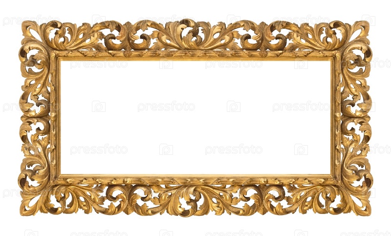 Панорамный золотой каркас для картин, зеркал или фотографий, изолированных на белом фоне
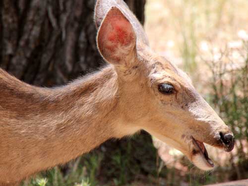 I was sitting at one of the picnic tables having a bite to eat when I noticed a couple deer grazing nearby. They seemed to completely ignore all the tourists around them. I, too, couldn't resist taking advantage of their calmness.
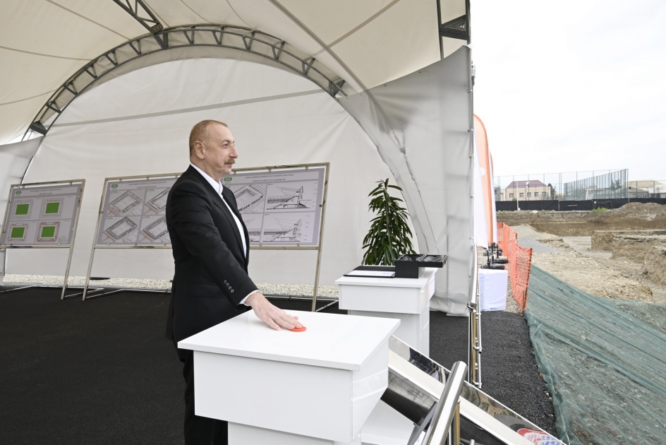 Prezident İlham Əliyev Gəncə şəhər stadionunun təməlini qoyub
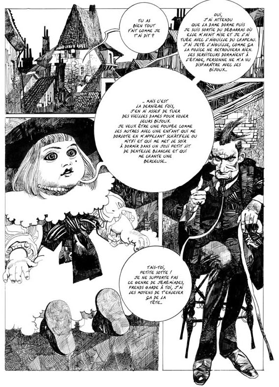 One of Toppi's most remarkable comics is 'Sharaz'de', his comics version of the Arabian Nights. It was originally serialized in Alter Alter in 1979, and later also published in France (Mosquito) and Spain (Planeta DeAgostini). It was in this comic that Toppi played greatly with the graphic design of the page, focusing on the composition of the borders and backgrounds and not too much on the narrative. Although largely in black-and-white, it also features some of Toppi's experiments with direct colors.
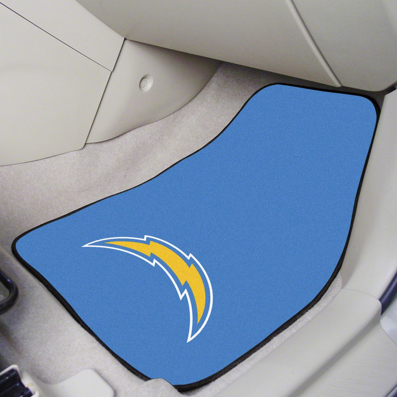 Description. Front Car Mats; 2-Pc Carpet Car Mat Set; Nfl; Los Angeles Chargers; 17"X27"
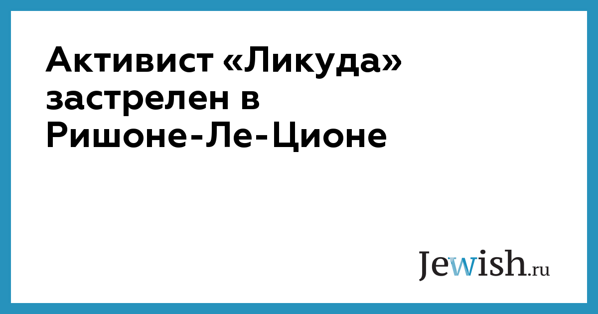 Активист «Ликуда» застрелен в Ришоне-Ле-Ционе
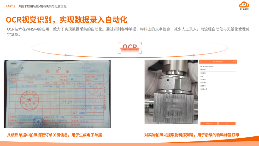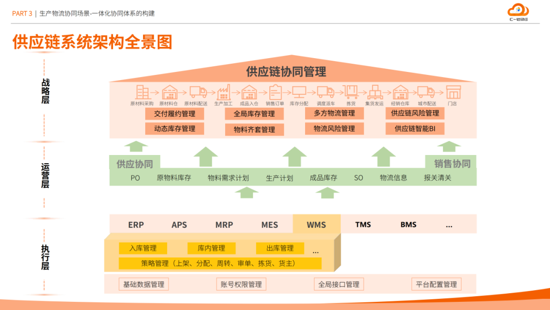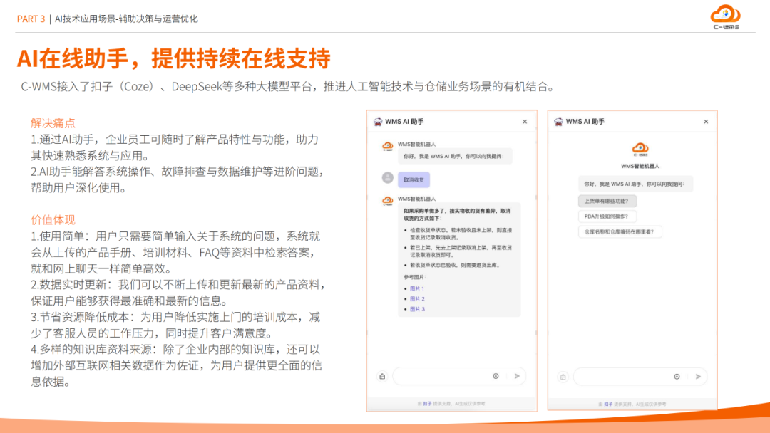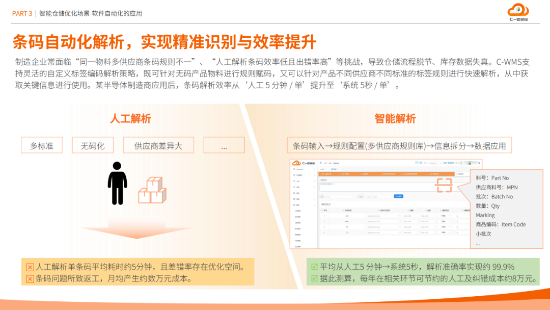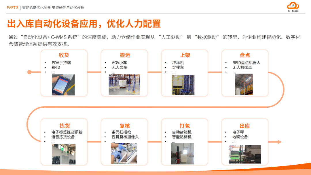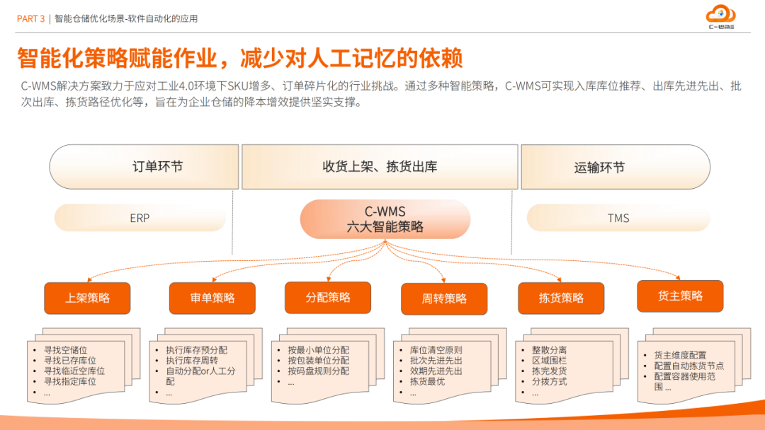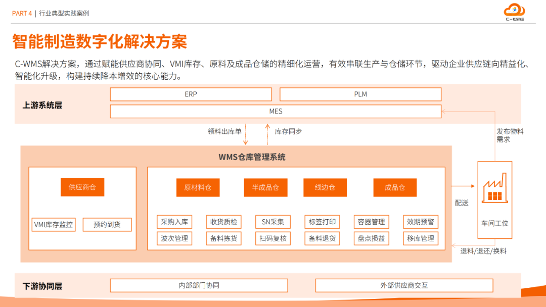 解决方案:以 C-WMS 系统为核心,整合软件智能策略、硬件自动化设备、AI 技术,打通供应链全链路数据,实现高效协同。
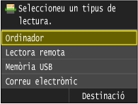 Abans de llegir des de l'equip, heu de configurar les opcions de l'equip i de l'ordinador. Repetiu els passos següents.
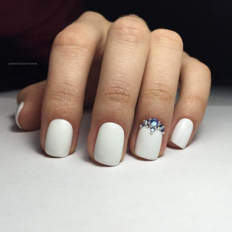 Белый матовый маникюр подойдет элегантным девушкам. Матовый топ смотрится лаконично и сдержанно, его можно наносить на любую длину, дизайн будет актуален всегда. Он хорошо смотрится в тандеме с блестками и стразами. Это шикарный вариант, который подойдет для любых встреч и мероприятий. Весной он хорошо сочетается с легким платьем, летом — с шортами и топом, осенью — с модным пальто и сапожками, а зимой — с теплым вязаным свитером. Вы точно не ошибетесь, если отдадите свое предпочтение этому дизайну ноготков.
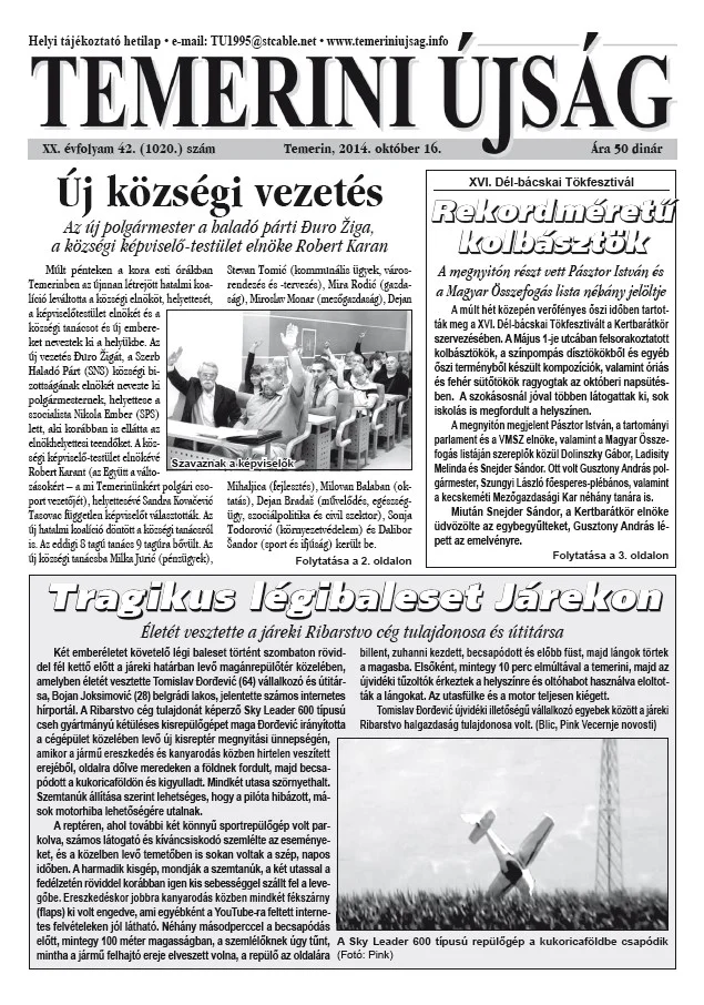 Temerini Újság, 20. évf. 2014. október 16. 42. sz.
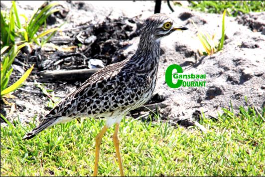 ‘n Gespikkelde dikkoppie (spotted thick-knee), Burhinus capensis, wat hou van reg en geregtigheid.
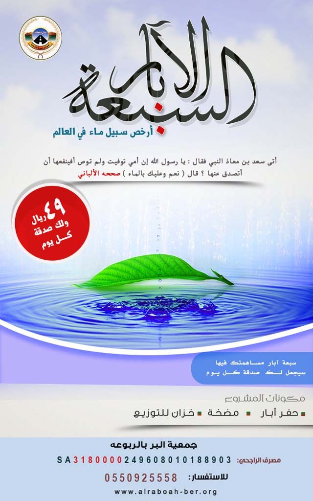 بسم الله الرحمن الرحيم مشروع الآبار السبعة أرخص سبيل ماء في العالم 49 ريال ولك صدقة كل يوم المشروع تابع لجمعية البر الخيرية بالربوعة وهذه صفحة المشروع على موقع جمعية البر الخيرية بالربوعة https://www.alraboah-ber.org/articles.php?action=show&id=17 https://i769.photobucket.com/albums/x...V.jpg~original أتى سعد بن معاذ النبي فقال : يا رسول الله إن أمي توفيت ولم توص أفينفعها أن أتصدق عنها ؟ قال ( نعم وعليك بالماء ) صححه الألباني مكونات المشروع حفر البئر مضخة خزان للتوزيع عندما تساهم في بئر ب 49 ريال فإن مساهمتك مع الآخرين تعطي الآف الصدقات يوميا من شرب الماء لكبد رطبة فيكون نصيبك مقابل المساهمة هو صدقة كل يوم ومن أراد مضاعفة الصدقة اليومية يضاعف الاسهم التي يشارك بها للإتصال والاستفسار / 0550925558 للتبرع في حساب المشروع بنك الراجحي ( حساب رسمي بأسم جمعية البر وسيخرج لك أسمهم على شاشة الصراف ) 249608010188903 للتبرع من أي بنك آخر ( رقم الآيبان ) sa3180000249608010188903 وهذه صفحة المشروع على موقع جمعية البر بالربوعة https://www.alraboah-ber.org/articles.php?action=show&id=17 ساعدونا في نشر الموضوع في المنتديات والإيميلات والقروبات والدال على الخير كفاعله فكم من كبد رطبة ستسقيها هذه الآبار ولك أجرها |

[Brief]:
If pictures appear in the data, do not print them; repeat the rest exactly.

[Problem solution]:
 Панорамный золотой каркас для картин, зеркал или фотографий, изолированных на белом фоне
 I was sitting at one of the picnic tables having a bite to eat when I noticed a couple deer grazing nearby. They seemed to completely ignore all the tourists around them. I, too, couldn't resist taking advantage of their calmness.
 Prezident İlham Əliyev Gəncə şəhər stadionunun təməlini qoyub
 One of Toppi's most remarkable comics is 'Sharaz'de', his comics version of the Arabian Nights. It was originally serialized in Alter Alter in 1979, and later also published in France (Mosquito) and Spain (Planeta DeAgostini). It was in this comic that Toppi played greatly with the graphic design of the page, focusing on the composition of the borders and backgrounds and not too much on the narrative. Although largely in black-and-white, it also features some of Toppi's experiments with direct colors.
 Description. Front Car Mats; 2-Pc Carpet Car Mat Set; Nfl; Los Angeles Chargers; 17"X27"
 Активист «Ликуда» застрелен в Ришоне-Ле-Ционе
 解决方案:以 C-WMS 系统为核心,整合软件智能策略、硬件自动化设备、AI 技术,打通供应链全链路数据,实现高效协同。
 Abans de llegir des de l'equip, heu de configurar les opcions de l'equip i de l'ordinador. Repetiu els passos següents.
 Белый матовый маникюр подойдет элегантным девушкам. Матовый топ смотрится лаконично и сдержанно, его можно наносить на любую длину, дизайн будет актуален всегда. Он хорошо смотрится в тандеме с блестками и стразами. Это шикарный вариант, который подойдет для любых встреч и мероприятий. Весной он хорошо сочетается с легким платьем, летом — с шортами и топом, осенью — с модным пальто и сапожками, а зимой — с теплым вязаным свитером. Вы точно не ошибетесь, если отдадите свое предпочтение этому дизайну ноготков.
 Temerini Újság, 20. évf. 2014. október 16. 42. sz.
 ‘n Gespikkelde dikkoppie (spotted thick-knee), Burhinus capensis, wat hou van reg en geregtigheid.
 بسم الله الرحمن الرحيم مشروع الآبار السبعة أرخص سبيل ماء في العالم 49 ريال ولك صدقة كل يوم المشروع تابع لجمعية البر الخيرية بالربوعة وهذه صفحة المشروع على موقع جمعية البر الخيرية بالربوعة https://www.alraboah-ber.org/articles.php?action=show&id=17 https://i769.photobucket.com/albums/x...V.jpg~original أتى سعد بن معاذ النبي فقال : يا رسول الله إن أمي توفيت ولم توص أفينفعها أن أتصدق عنها ؟ قال ( نعم وعليك بالماء ) صححه الألباني مكونات المشروع حفر البئر مضخة خزان للتوزيع عندما تساهم في بئر ب 49 ريال فإن مساهمتك مع الآخرين تعطي الآف الصدقات يوميا من شرب الماء لكبد رطبة فيكون نصيبك مقابل المساهمة هو صدقة كل يوم ومن أراد مضاعفة الصدقة اليومية يضاعف الاسهم التي يشارك بها للإتصال والاستفسار / 0550925558 للتبرع في حساب المشروع بنك الراجحي ( حساب رسمي بأسم جمعية البر وسيخرج لك أسمهم على شاشة الصراف ) 249608010188903 للتبرع من أي بنك آخر ( رقم الآيبان ) sa3180000249608010188903 وهذه صفحة المشروع على موقع جمعية البر بالربوعة https://www.alraboah-ber.org/articles.php?action=show&id=17 ساعدونا في نشر الموضوع في المنتديات والإيميلات والقروبات والدال على الخير كفاعله فكم من كبد رطبة ستسقيها هذه الآبار ولك أجرها |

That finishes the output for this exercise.